**EXERCISE GOAL:** Output a faithful copy of the entries, every picture removed.
━━━━━━━━━━━━━━━━━━━━
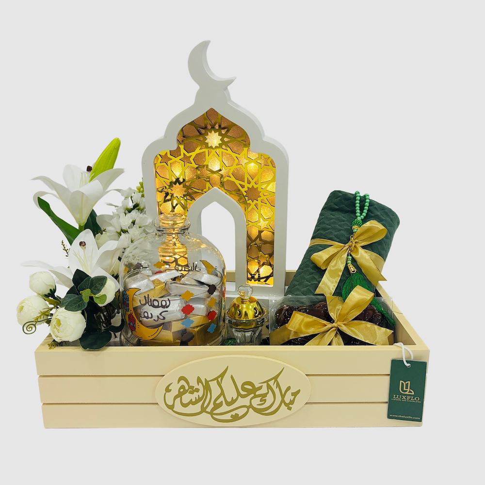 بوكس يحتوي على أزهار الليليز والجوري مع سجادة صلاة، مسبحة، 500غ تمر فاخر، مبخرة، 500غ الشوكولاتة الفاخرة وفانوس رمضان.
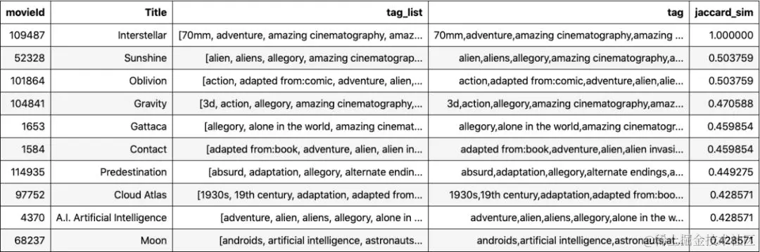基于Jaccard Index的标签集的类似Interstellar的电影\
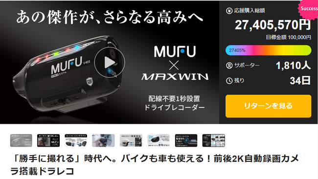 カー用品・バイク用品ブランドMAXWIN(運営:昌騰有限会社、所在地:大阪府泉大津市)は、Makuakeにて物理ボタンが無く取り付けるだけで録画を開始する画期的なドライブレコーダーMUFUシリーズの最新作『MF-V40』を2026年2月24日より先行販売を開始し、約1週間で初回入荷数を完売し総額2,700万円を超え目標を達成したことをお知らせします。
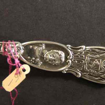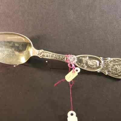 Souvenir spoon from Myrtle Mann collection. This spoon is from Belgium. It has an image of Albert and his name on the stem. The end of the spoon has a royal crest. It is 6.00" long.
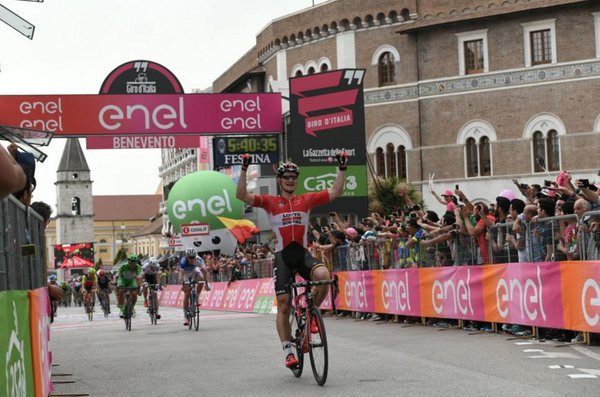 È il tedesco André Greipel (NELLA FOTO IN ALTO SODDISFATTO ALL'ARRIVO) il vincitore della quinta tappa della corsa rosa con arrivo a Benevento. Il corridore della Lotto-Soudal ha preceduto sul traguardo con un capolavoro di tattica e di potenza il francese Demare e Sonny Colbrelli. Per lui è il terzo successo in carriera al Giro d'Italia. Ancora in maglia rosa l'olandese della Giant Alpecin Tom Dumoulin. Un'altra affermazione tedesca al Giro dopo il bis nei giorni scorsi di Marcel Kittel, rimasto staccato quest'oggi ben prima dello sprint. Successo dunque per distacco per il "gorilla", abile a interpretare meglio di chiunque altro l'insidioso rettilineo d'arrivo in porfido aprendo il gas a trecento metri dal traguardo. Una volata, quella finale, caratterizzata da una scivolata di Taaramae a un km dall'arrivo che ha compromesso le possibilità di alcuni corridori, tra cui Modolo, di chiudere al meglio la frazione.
━━━━━━━━━━━━━━━━━━━━
**SOLUTION TO THE EXERCISE:**
 بوكس يحتوي على أزهار الليليز والجوري مع سجادة صلاة، مسبحة، 500غ تمر فاخر، مبخرة، 500غ الشوكولاتة الفاخرة وفانوس رمضان.
基于Jaccard Index的标签集的类似Interstellar的电影\
 カー用品・バイク用品ブランドMAXWIN(運営:昌騰有限会社、所在地:大阪府泉大津市)は、Makuakeにて物理ボタンが無く取り付けるだけで録画を開始する画期的なドライブレコーダーMUFUシリーズの最新作『MF-V40』を2026年2月24日より先行販売を開始し、約1週間で初回入荷数を完売し総額2,700万円を超え目標を達成したことをお知らせします。
 Souvenir spoon from Myrtle Mann collection. This spoon is from Belgium. It has an image of Albert and his name on the stem. The end of the spoon has a royal crest. It is 6.00" long.
 È il tedesco André Greipel (NELLA FOTO IN ALTO SODDISFATTO ALL'ARRIVO) il vincitore della quinta tappa della corsa rosa con arrivo a Benevento. Il corridore della Lotto-Soudal ha preceduto sul traguardo con un capolavoro di tattica e di potenza il francese Demare e Sonny Colbrelli. Per lui è il terzo successo in carriera al Giro d'Italia. Ancora in maglia rosa l'olandese della Giant Alpecin Tom Dumoulin. Un'altra affermazione tedesca al Giro dopo il bis nei giorni scorsi di Marcel Kittel, rimasto staccato quest'oggi ben prima dello sprint. Successo dunque per distacco per il "gorilla", abile a interpretare meglio di chiunque altro l'insidioso rettilineo d'arrivo in porfido aprendo il gas a trecento metri dal traguardo. Una volata, quella finale, caratterizzata da una scivolata di Taaramae a un km dall'arrivo che ha compromesso le possibilità di alcuni corridori, tra cui Modolo, di chiudere al meglio la frazione.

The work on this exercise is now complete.